I mean imagine if the Ranger had a feature called "Monster Hunter". By spending your bonus action, you can deal, say, 1d4 additional damage* on all your attacks, and it scales by d4 every 2 levels after the first. Then you have a second feature, "Favored Enemy", that lets you pick a type of creature that you've really trained against, and when damaging these creatures, you deal your Monster Hunter damage without needing to spend a bonus action.

*I'd like to make this force damage to bypass resistance to non-magical weapons, but I know there are people who would wonder exactly how the Ranger is dealing "magical" damage, lol.

Wouldn't that be a better way to give the Ranger bonus damage, reinforce his role, and make Favored Enemy a bonus, instead of making the feature simply unreliable?

This is probably not the thread to suggest changes to the class, but it took me like five minutes to find something better than Hunter's Mark for the Ranger, lol.

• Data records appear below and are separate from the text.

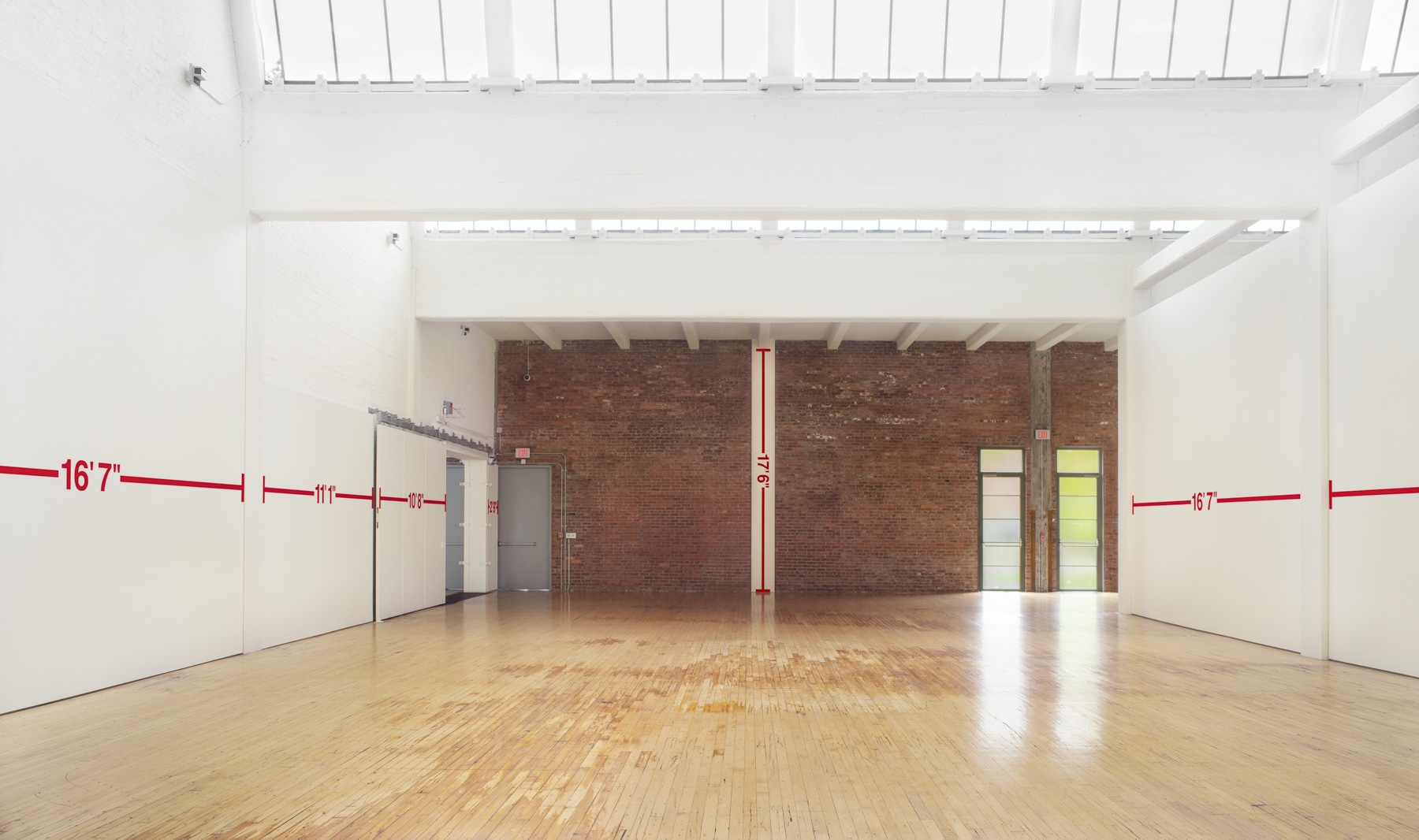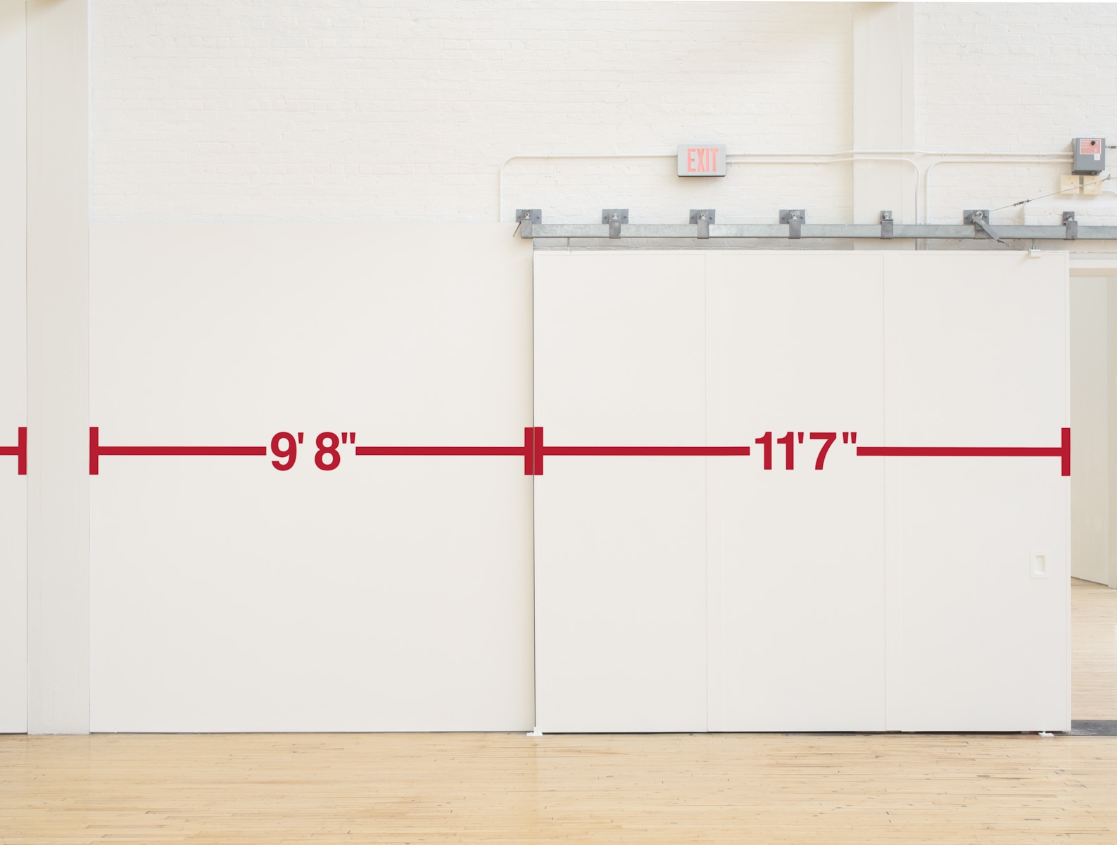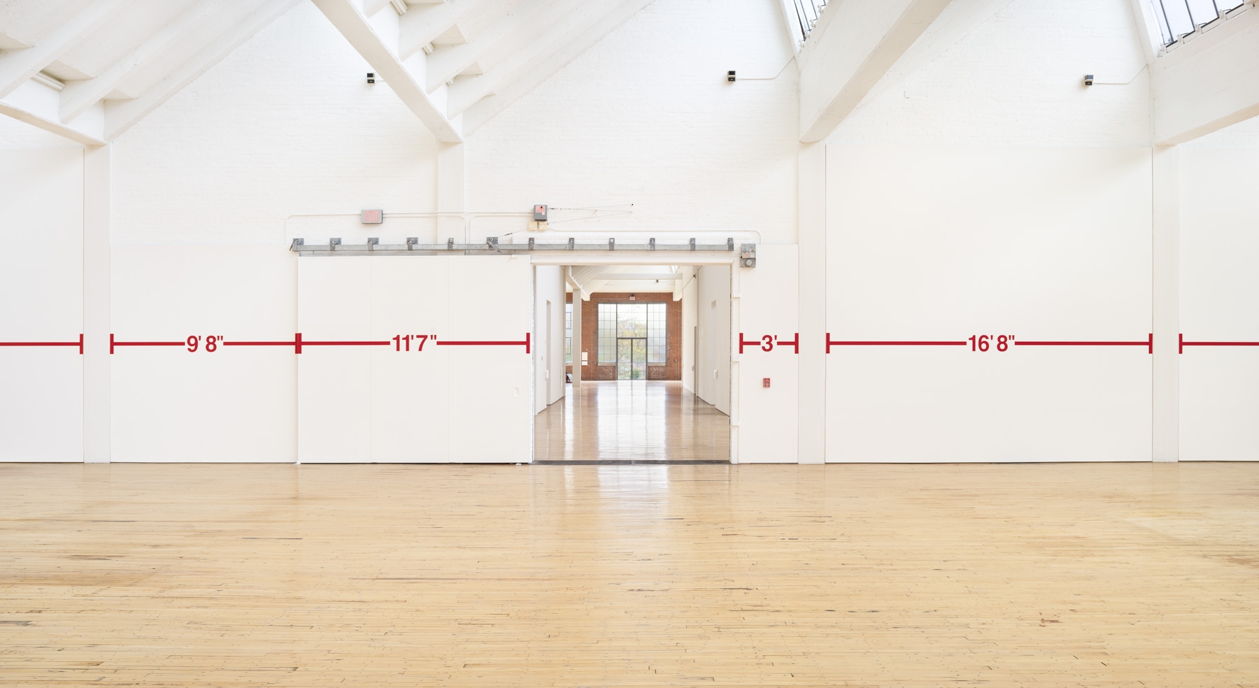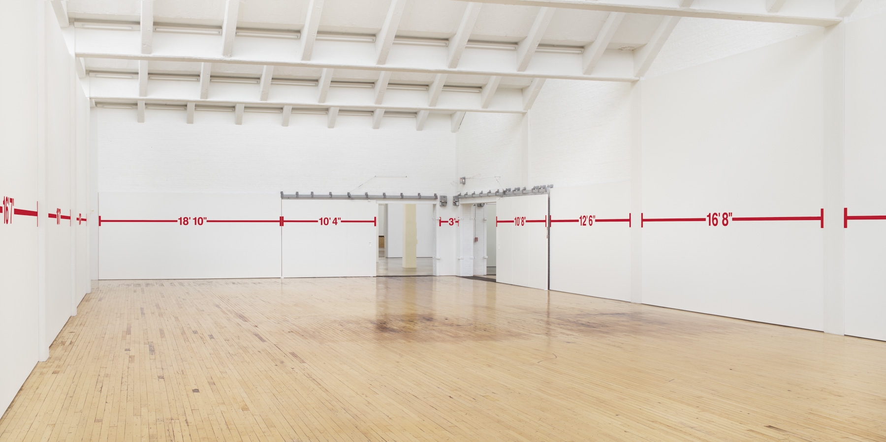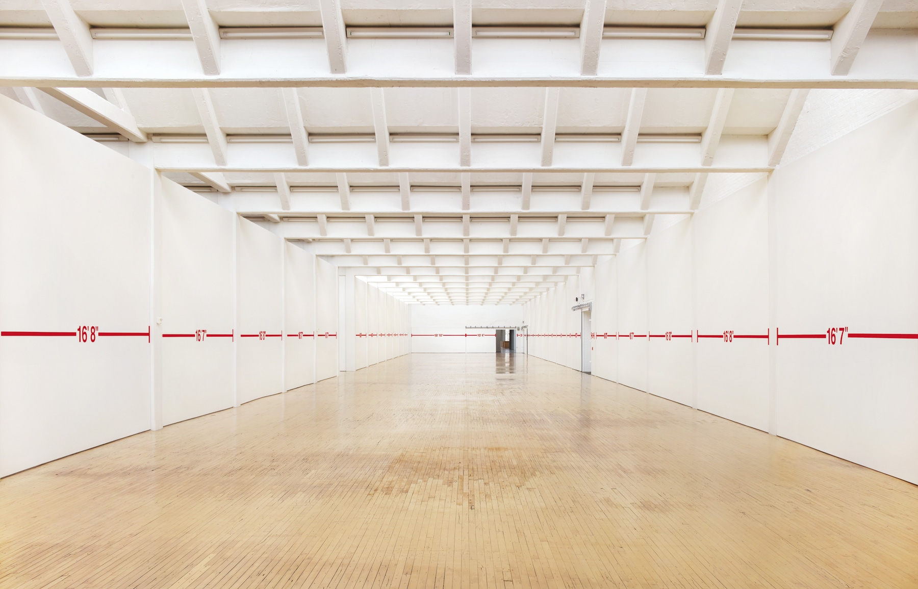 In May 1969 Bochner realized the first works in his ongoing Measurement series, using black tape to draw simple, linear segments across the surfaces of Dia cofounder Heiner Friedrich’s Munich gallery. Punctuating these lines were numbers that corresponded to the length of the measured surface: the width of a window bay, the height of a doorframe, and so on. Several of the measurements were further subdivided, indicated by notched marks interspersed at intervals across a wall. In this work, as in subsequent iterations of this series, Bochner used lines to wrap around the architectural envelope of the gallery in a systematic evaluation of its spatial parameters and the perceptual experience that unfolds within it. At Dia Beacon, red tape maps the various surfaces of one of the museum’s largest galleries, running horizontally across walls at a height corresponding to the artist’s eye level.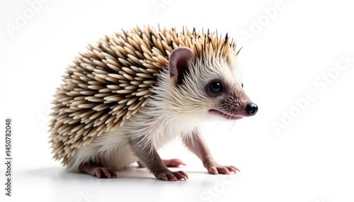 © Sourithideth, Fototapeta premium A single hedgehog, facing right, against a bright white backdrop, nature, adorable, photography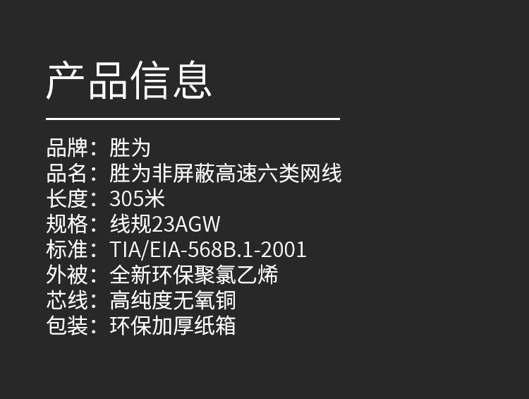 工程六類網(wǎng)線【0.57純銅線芯】勝為非屏蔽千兆網(wǎng)線家用網(wǎng)絡(luò)布線純銅雙絞線305米/箱 CLC-6305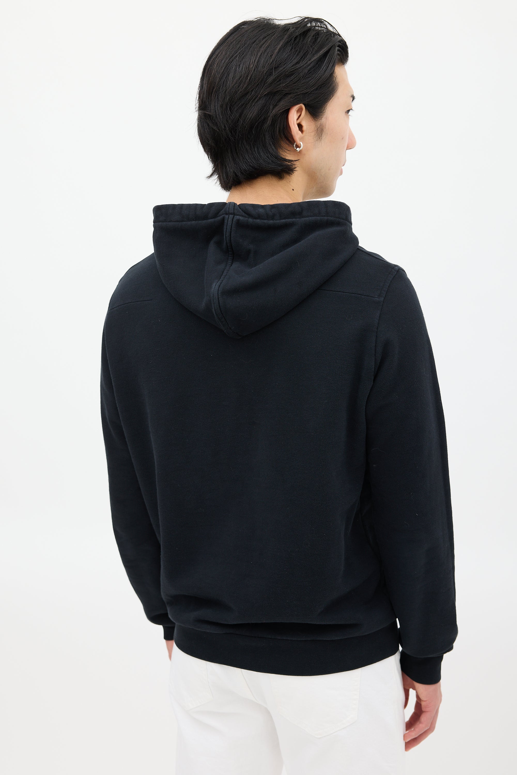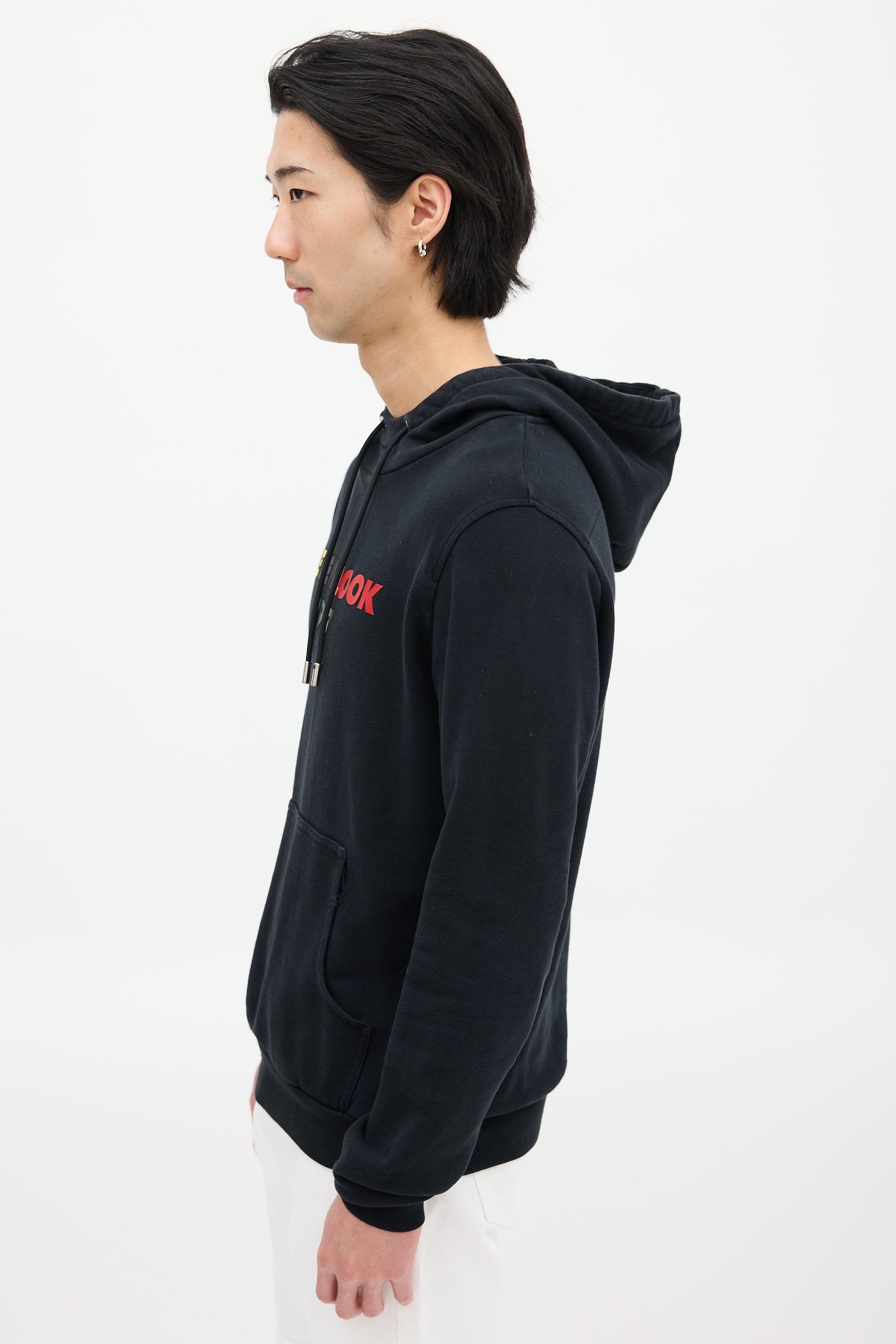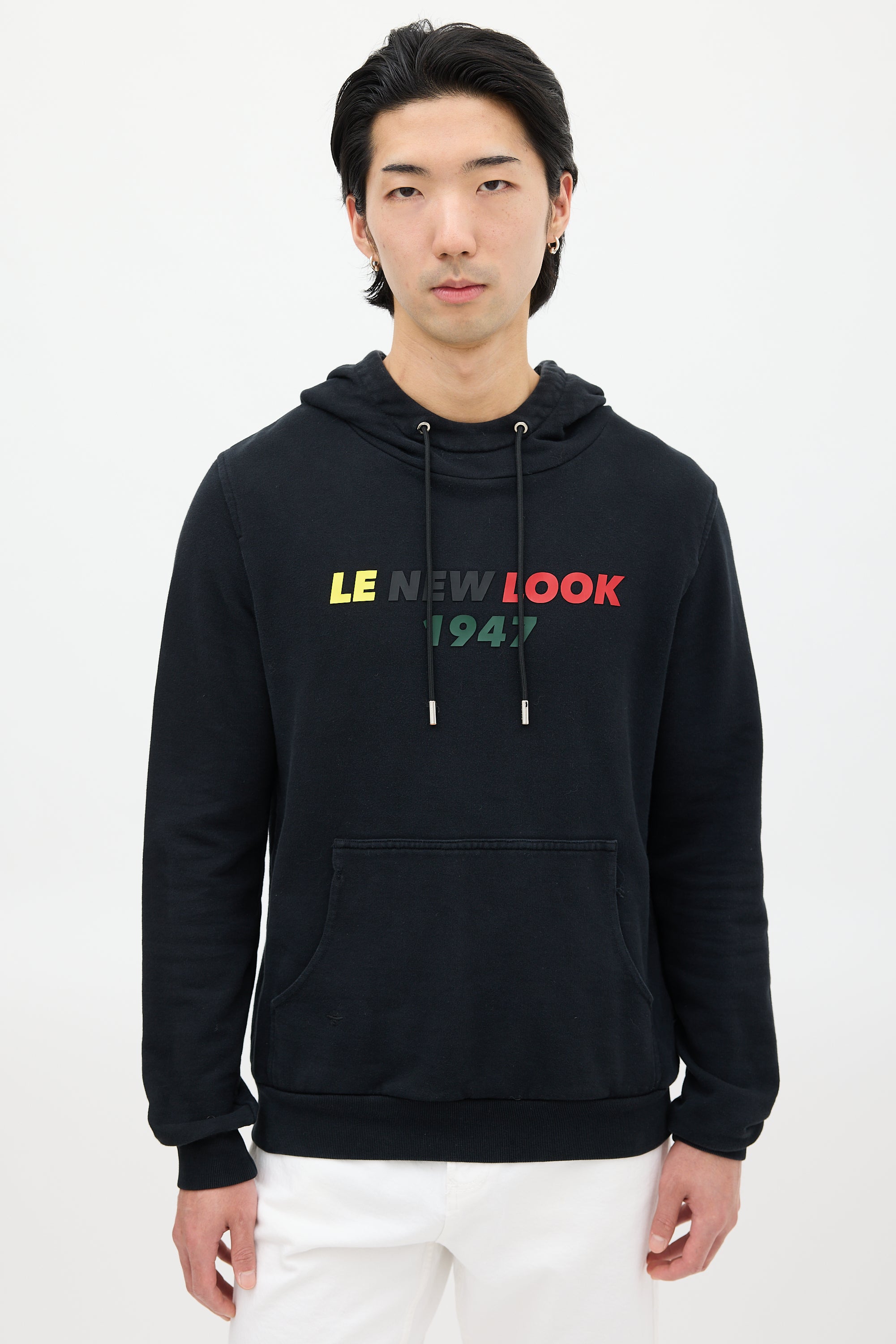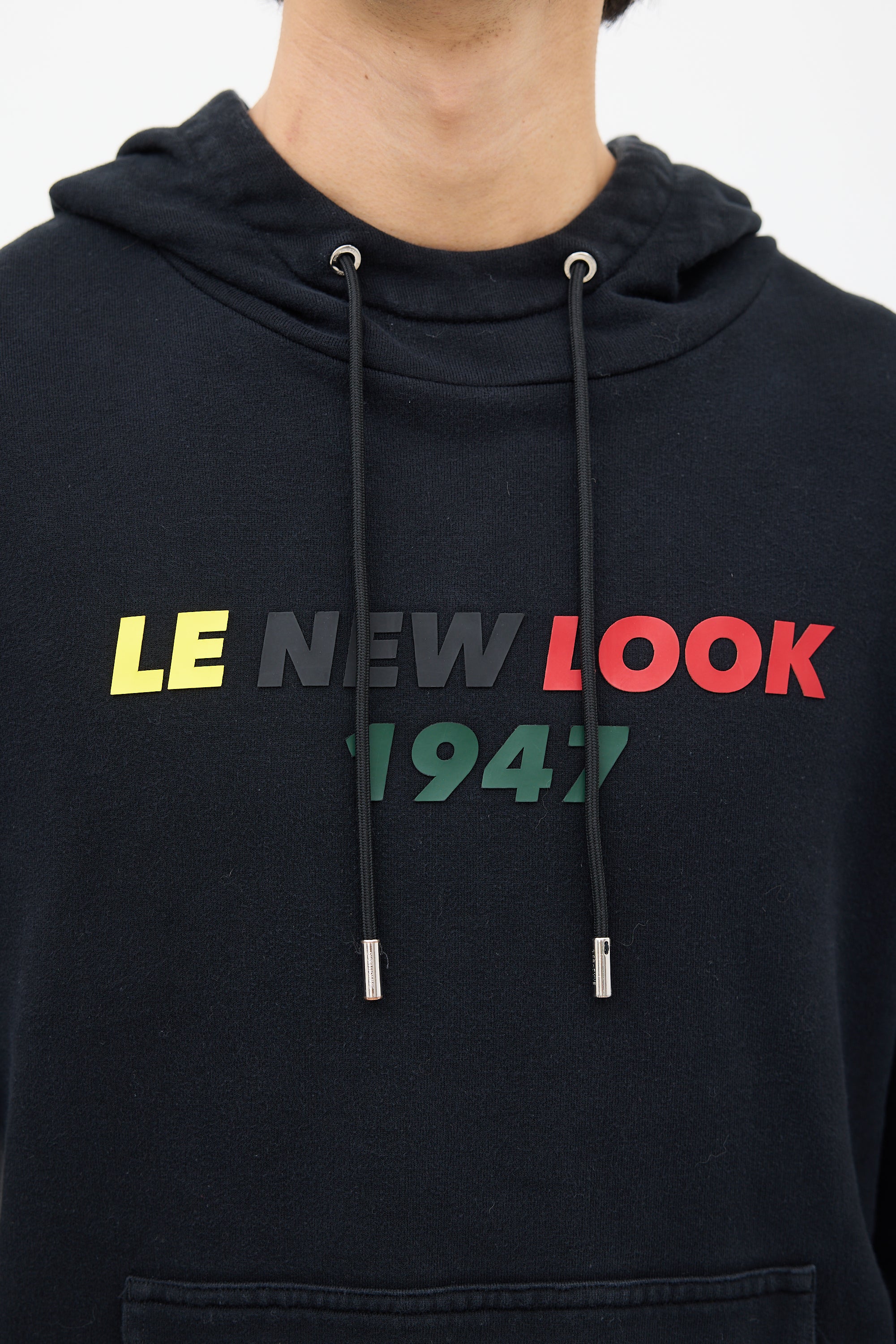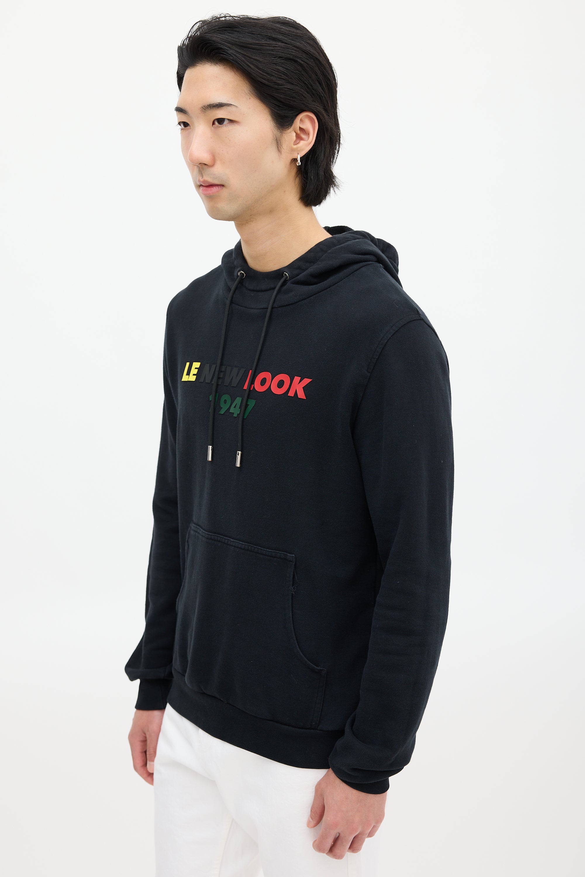 Pre-owned Dior black hoodie featuring a multicolour Le New Look graphic print at chest, drawstring hood, long sleeves, kangaroo pocket with tonal bee logo embroidery, and ribbed hem.

I'm sure someone will tell me how horribly unbalanced that is and how it would turn Rangers into damage gods.
 

I mean imagine if the Ranger had a feature called "Monster Hunter". By spending your bonus action, you can deal, say, 1d4 additional damage* on all your attacks, and it scales by d4 every 2 levels after the first. Then you have a second feature, "Favored Enemy", that lets you pick a type of creature that you've really trained against, and when damaging these creatures, you deal your Monster Hunter damage without needing to spend a bonus action.

*I'd like to make this force damage to bypass resistance to non-magical weapons, but I know there are people who would wonder exactly how the Ranger is dealing "magical" damage, lol.

Wouldn't that be a better way to give the Ranger bonus damage, reinforce his role, and make Favored Enemy a bonus, instead of making the feature simply unreliable?

This is probably not the thread to suggest changes to the class, but it took me like five minutes to find something better than Hunter's Mark for the Ranger, lol.

I'm sure someone will tell me how horribly unbalanced that is and how it would turn Rangers into damage gods.
I like it! But I also think the Ranger is fine the way it is.

As for overpowered damage gods, how about a 5e Paladin dumping spell slots into smites?